Pada wujudnya yang lain, adat mempertegas ekslusivitasnya dengan kelompok-kelompok lain atas nama hak etnis yang akhirnya menimbulkan konflik-konflik horizontal yang mengerikan. Sejumlah konflik etnis menunjukkan bahwa adat dapat digunakan sebagai alat etnopolitis yang turut berkontribusi pada kerusuhan etnis di Sambas dan Sampit di Kalimantan, Poso di Sulawesi Tengah, dan di Maluku Utara.

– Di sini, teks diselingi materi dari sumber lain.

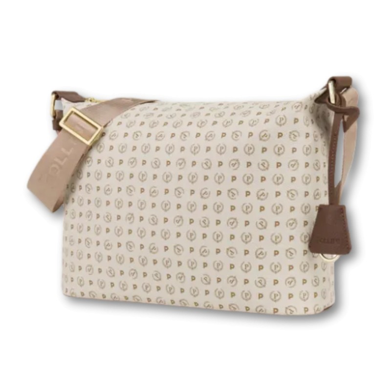 Borsa Pollini in similpelle. Doppia portabilità: a spalla e a bandoliera. Tracolla in nastro di nylon regolabile. Logo in metallo applicato sul quadrante frontale. Chiusura con zip in testa. Interno foderato con tasca con zip e tasca aperta.

Satu hal lagi yang dipertanyakan dalam buku ini adalah posisi adat yang istimewa karena dilihat sebagai sesuatu yang esoteris, mulia, suci, murni, baik dan muncul secara alamiah di Indonesia. Dikaitkan dengan pengelolaan sumber daya alam maka pengelolaan sumber daya alam oleh masyarakat adat diasosiasikan sebagai pengelolaan sumber daya alam secara lebih arif (ecological noble savage). Hal ini tidak diragukan lagi, tetapi memiliki sejumlah kerumitan ketika dihadapkan dengan proyek konservasi oleh negara sebagaimana digambarkan oleh Tania Li di Sulawesi Tengah.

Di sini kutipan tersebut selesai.